Это была та же крестьянская хата, немного больше размером и с ганком - навесом на двух колонках; с ганка дверь вела в обширные сени; слева от них была комора, а справа - простая кухня с варистой печью, а за ней уже помещалась и капитанская кошевая светлица.
Помещение кошевого представляло из себя небольшую комнату с дощатым полом и двумя довольно высокими окнами; в нем поражал меня особенно темный дубовый сволок, выделявшийся резко на побеленном потолке, испещренный крестами да изречениями из священного писания; кроме сволока, еще врезалась в память мне изразцовая печь, большая, широкая, с высоким гребнеобразным карнизом; блестящие изразцы ее пестрели невиданными цветами и неслыханными чудовищами. Вся мебель комнаты состояла из кровати, топчана, двух деревянных стульев, точильного станка, большого дубового стола с подвижными досками и винтами, должно быть, столярного верстака.
Над кроватью у капитана прибит был ковер, увешанный саблями, шашками, кинжалами и двумя ружьями, с бандурой в центре; там же у изголовья висел акварельный портрет какой-то красивой дивчины… Кто была она - я не знал, да и капитан не любил, когда я касался этого вопроса: "Годи, - бывало, оборвет, - ты ще мале!"

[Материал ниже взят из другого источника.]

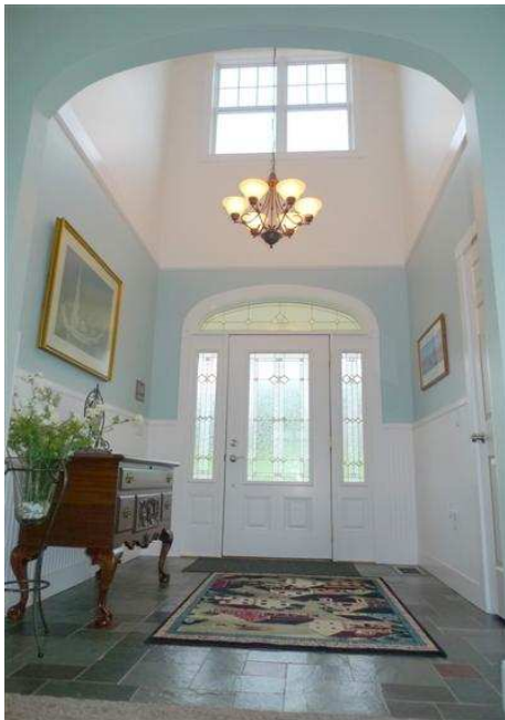
2 Story Entrance Foyer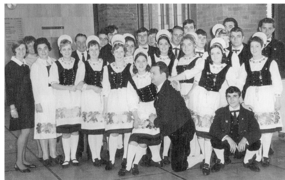
First visit 1968 - 2018 50th Anniversary to Norfolk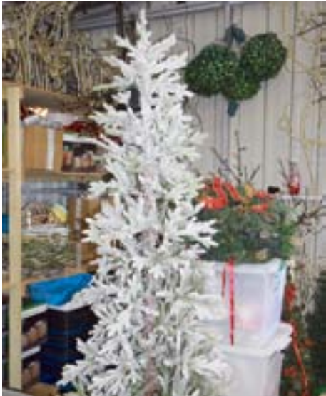
Trees for miles.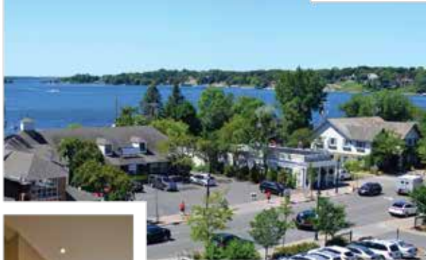
View of Wayzata & Lake Minnetonka

Live just blocks away from Lake Minnetonka and enjoy all the activities this lake town has to offer. A wide variety of restaurants and premier shopping right outside your door. The feel of the big city with a small town vibe that exceeds all your expectations.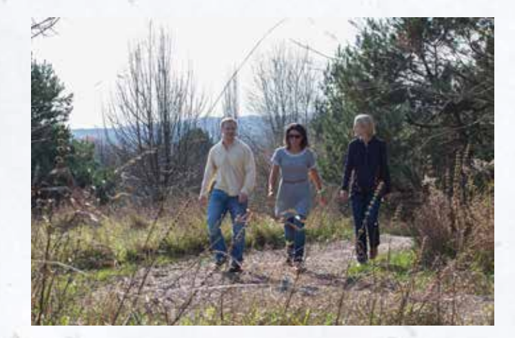
Hiking trails wind through fields, forest and wetlands on the Rockford campus.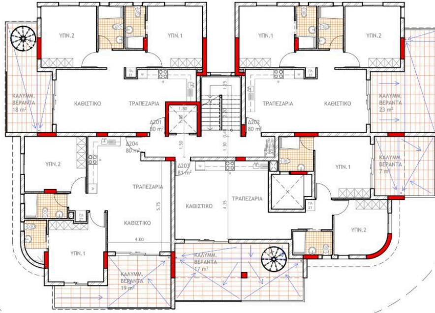
ΚΑΤΟΨΗ 2ΟΥ ΟΡΟΦΟΥ ΚΑΙΜΑΚΑ 1 : 100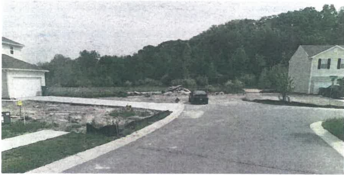
Figure 5 – Looking easterly along Woodbridge Park Blvd. Vehicles utilizing end of roadway turn-around for parking. Limiting the ability for county snow trucks to turn around at the Township / City Limits.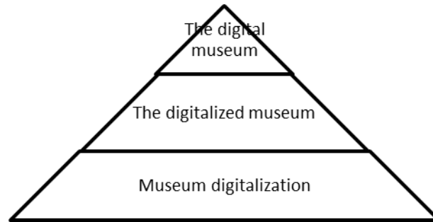
Figure 2. The Relationship of the Three Terms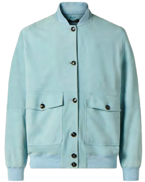
Kiton Suede Jacket in Azure Lambskin £10,300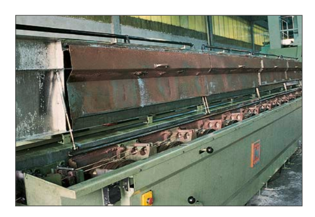
Rod breakdown machine type M 85 before being reconditioned by NIEHOFF

Machines which have been modernized in such a way are not only as good as new, but often reach an even higher level of productivity than before. Therefore, it is worthwhile to subject NIEHOFF machines to a general reconditioning even after decades of use to put them into tip-top condition again.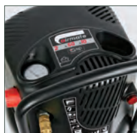
top mounted control panel - 06243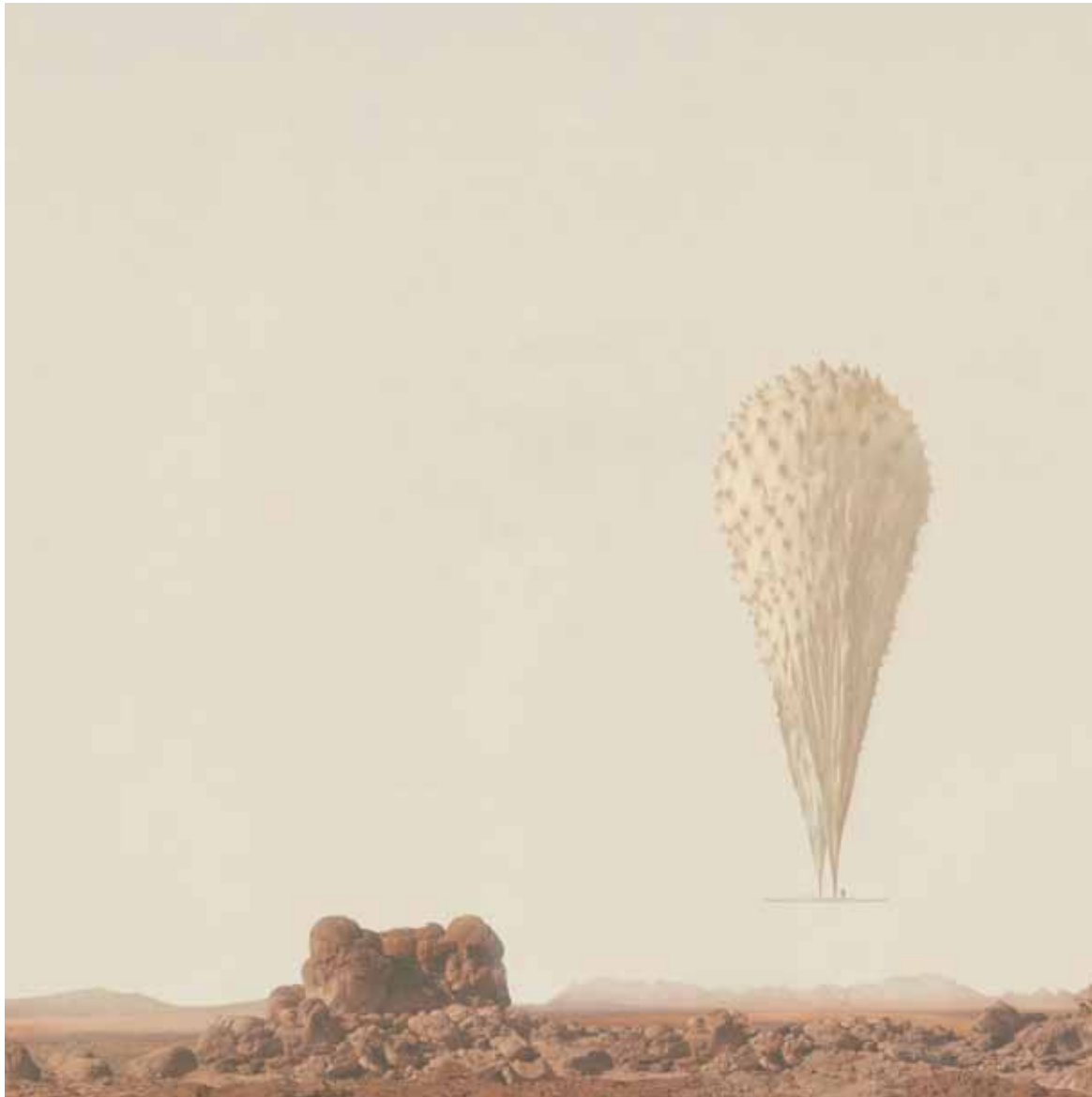
Kahn & Selesnick Distant Balloon , 2010

Противоположную стену украшали две литографированные картины: одна изображала турка, покупающего невольницу, а другая - какую-то распатланную деву с ребенком на руках и надписью: "Под вечер осенью ненастной"; над входной дверью висела тоже картина, писанная масляными красками, темная и протертая, изображавшая казака Мамая с чудовищными усами. В углу еще, высоко над кроватью, прибит был образ, уквитчанный весь сухими васильками и гвоздикой… Вот и все, что находилось в капитанском коше. Капитан меня очень любил, а я… я просто обожал "дядька-атамана", как он просил, чтоб я называл его. Да и как было не обожать!.. И кубари он мне точил, и бумажные змеи клеил, и луки делал, и стрелять учил, а то рассказывал про старину, про Запорожье, про набеги черкесов, про боевые схватки, - да так рассказывал хорошо, что даже няня, без которой меня редко пускали, увлекалась этими рассказами до слез.